Means - goals of dependability analysis:

Fault prevention: how to prevent the occurrence or introduction of faults;
Fault tolerance: how to deliver correct service in the presence of faults;
Fault removal: how to reduce the number or severity of faults;
Fault forecasting: how to estimate the present number, the future incidence, and the likely consequences of faults.

Threats - classification of threats:

Fault is a defect on the system that can be activated and become a cause of an error (broken wire, electrical short, bug in a program).
Error refers to incorrect internal state of the system or a discrepancy between the intended behavior of a system and its actual behavior inside the system boundary.
Failure is an instance in time when a system displays behavior that is contrary to its specification.

I want to tell a little bit more about the threats, because this concept is very interesting but not so obvious.

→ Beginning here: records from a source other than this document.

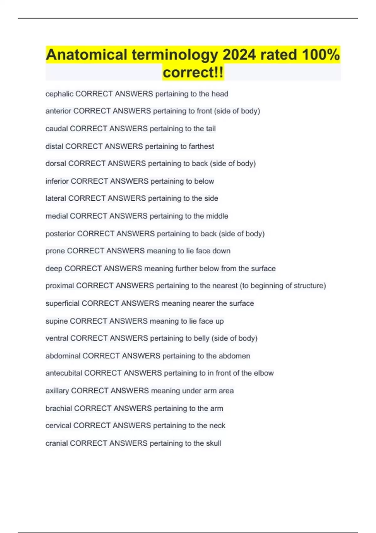 Anatomical terminology 2024 rated 100% correct!!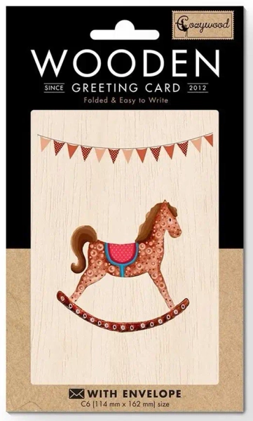 Karnet drewniany C6 + koperta Konik na biegunach - Cozywood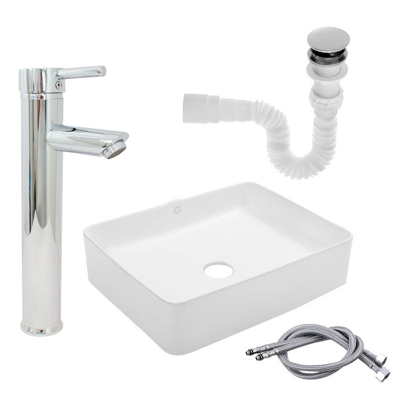 Incluye: -Lavamanos Rectangular blanco -Grifería monocontrol alta -Push flexible tapa cromada PREGUNTAS FRECUENTES ¿GENERAN FACTURA? Sí, emitimos facturas legales con IVA incluido. Somos un régimen común y realizamos facturación electrónica. ¿MANEJAN VARIEDAD DE TONOS? Sí, manejamos una amplia gama de colores, como bronce y cobre antiguo, para personalizar tus griferías y accesorios. Realizamos acabados de aspecto antiguo en griferías nuevas o usadas. Transformamos tus griferías para darles un toque clásico y elegante. ¿SON FABRICANTES? Sí, somos fabricantes de tus ideas. Fabricamos hermosas griferías y accesorios de excelente calidad para embellecer tus espacios de la mejor manera. En GRIFOS CENTER, convertimos tus ideas en realidad. Fabricamos griferías VINTAGE y ofrecemos diversos estilos de acabados antiguos para tus griferías y accesorios. Además, proporcionamos una amplia variedad de productos de alta calidad para el hogar y productos institucionales para tus proyectos. ¿GENERAN FACTURA LEGAL Y ELECTRÓNICA? Sí, generamos factura legal con IVA incluido y ofrecemos facturación electrónica. ¿MI COMPRA TIENE GARANTÍA? Todos nuestros productos son nuevos y cuentan con garantía oficial de 1 año. Se entregan en sus empaques o cajas originales. ¿TIENEN PUNTO DE VENTA? Sí, somos GRIFOS CENTER y tenemos un punto de venta físico donde puedes recoger tus productos directamente si lo deseas. ¿DÓNDE ESTÁN UBICADOS? Nos encontramos en el Norte de Bogotá. Tenemos un amplio stock de nuestros productos para envío inmediato. Además, ofrecemos la opción de recoger tus compras en nuestro punto de venta. ¿MANEJAN PRODUCTOS PARA PROYECTOS? Sí, ofrecemos una amplia variedad de productos y contamos con un extenso inventario para atender proyectos grandes, como constructoras, hoteles, colegios y grandes superficies. ¿OFRECEN PRODUCTOS AL POR MAYOR? Sí, contamos con un extenso inventario y una gran variedad de productos para atender tus solicitudes. ¿HACEN ENVÍOS A NIVEL NACIONAL? Sí, GRIFOS CENTER realiza envíos a nivel nacional. ¿SE PUEDEN RETIRAR LOS PRODUCTOS EN EL PUNTO DE VENTA? Ofrecemos la opción de retirar productos en nuestro punto de venta o de enviarlos por otra transportadora, seleccionando ""recojo en el domicilio del vendedor"". En este caso, el comprador se encarga del costo del envío. NOTA IMPORTANTE: Los logos en la publicación son marcas de agua y el producto te llegará sin este logo. ----------------------SOMOS IMPORTADORES CON MARCA PROPIA-----------------------

Faults, errors and failures operate according to the chain shown in the next figure:

Fault activation can lead to an error. Once a fault is activated an error occurs. Examples of fault activation are execution of a line of code with a bug, an attempt to send a signal via corrupted connector or execution of a broken hardware part. An error may act in the same way as a fault. It can create further error’s conditions. An invalid state generated by the error may lead to another error or to a failure. Important to note, that failures are deﬁned according to the system boundary. They are basically errors that have propagated out of the system and have become observable. If an error propagates outside the system boundary a failure is said to occur.

So, the general idea of the post: take a look at the papers of J.C Laprie to get basic definitions and classification.